Appeal from an order of the Supreme Court (Reilly, Jr., J.), entered January 12, 2004 in Schenectady County, which granted defendants’ motion for summary judgment dismissing the complaint.
Elaintiff and defendant Fe A. Mondragon (hereinafter defendant) are gynecologists who have known each other since medical school. Elaintiff became defendant’s patient in 1982 and, in January 1999, she also began conducting her medical practice in office space she leased from defendant’s professional corporation. On November 15, 2000, defendant performed laparoscopic surgery on plaintiff. As a result of postoperative complications and physical limitations allegedly caused by the surgery, plaintiff was unable to return to work more than part time and ultimately retired from practice in August 2001. Disagreements thereafter arose between the parties as to moneys owed by plaintiff for the leased office space due to her limited use of the facilities after her surgery. To resolve the disagreements, plaintiff ultimately tendered payments totaling $25,000 and, on September 6, 2002, with her counsel’s advice, executed a general release that encompassed all claims or actions that she ever had or might have against defendant personally and her professional corporation “by reason of any matter, cause or thing whatsoever from the beginning of the world to the day of the date of this [r]elease.” Two months later, plaintiff commenced *812this medical malpractice action against defendant and her professional corporation, alleging negligent care and treatment during and after the surgery performed in 2000. Defendants responded by asserting that the general release was a complete bar to her action, and later moved for summary judgment on this ground. Supreme Court granted defendants’ motion and dismissed the action.
Plaintiff appeals, contending that despite the general release upon which defendants rely, she never meant for it to apply to her cause of action for malpractice against defendants. She asks this Court to consider her extrinsic evidence and find either that the release did not discharge defendants from liability for medical malpractice or that there is a question of fact as to whether the release was intended to discharge such liability, thus precluding summary judgment.
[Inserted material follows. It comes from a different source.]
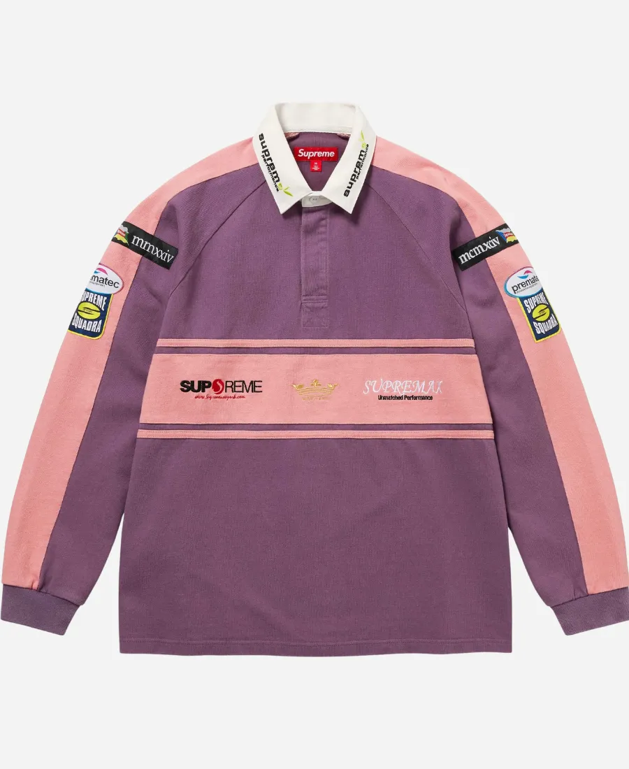 Unisex Supreme Chest Stripe Rugby Jacket – Purple, White & Black

We disagree.
“It is well settled that releases are contracts that, unless their language is ambiguous, must be interpreted to give effect to the intent of the parties as indicated by the language employed [and] . . . that releases bar suits on causes of action arising on or prior to the date of their execution but will not bar subsequent claims unless they are specifically embraced within the release or fall within the fair import of its terms” (Murray - Gardner Mgt. v Iroquois Gas Transmission Sys., 229 AD2d 852, 853-854 [1996] [citations omitted]; see J & A Bayly Constr. Co. v Village of Castleton-on-Hudson, 248 AD2d 766, 767 [1998]; Zilinskas v Westinghouse Elec. Corp., 248 AD2d 777, 778-779 [1998]). Only if an agreement is ambiguous may the court look to extrinsic evidence to determine the parties’ intent (see e.g. Murray-Gardner Mgt. v Iroquois Gas Transmission Sys., supra at 854).
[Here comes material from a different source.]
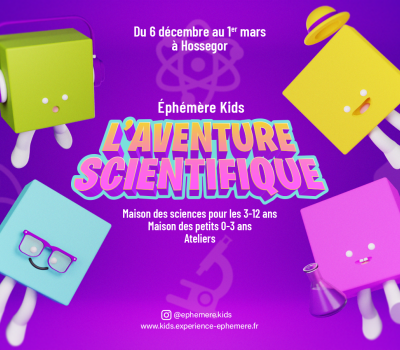 Pour la première fois, les événements Éphémère se déclinent en version Kids… Une aventure unique dans une maison des sciences, avec 4 espaces thématiques, un café/snack boutique souvenirs, des ateliers, des expériences et surtout… plein de découvertes à partager en famille. 458 avenue de Gaujacq, 40150 Soorts-Hossegor Du 6 décembre au 1er mars Entrées toutes les heures (durée conseillée 2-3 heures) Pour les enfants de 0 à 12 ans (avec créneaux dédiés aux 0-3 ans) Billetterie déjà ouverte |

Our review of the release here reveals no ambiguity that would permit consideration of extrinsic evidence. The release contains no language qualifying the types of claims discharged or placing it solely in the context of the landlord/tenant relationship which existed between defendant’s and plaintiff s respective professional corporations. Significantly, the record also shows that, while plaintiff had not yet asserted a claim for personal injuries, she clearly contemplated doing so before signing the release and, despite the apparent assistance of counsel, failed to take any steps to limit the scope of her release (compare Cahill v Regan, 5 NY2d 292, 299 [1959] [permitting the avoidance of a general release where, at the time it was executed, the releasor did not contemplate, and was unaware of the existence of, the unrelated claim]). Since the release unequivocally recites an intent to absolve defendants from their liabilities and obliga*813tions for any and all claims that plaintiff had or might have, Supreme Court properly granted defendants’ motion for summary judgment (see Tavoulareas v Bell, 292 AD2d 256, 257 [2002]; Booth v 3669 Del., 242 AD2d 921, 922 [1997], affd 92 NY2d 934 [1998]; K3 Equip. Corp. v Kintner, 233 AJD2d 556, 557-558 [1996]; Thailer v LaRocca, 174 AD2d 731, 733 [1991]).
Mercure, J.E, Peters and Spain, JJ., concur. Ordered that the order is affirmed, with costs.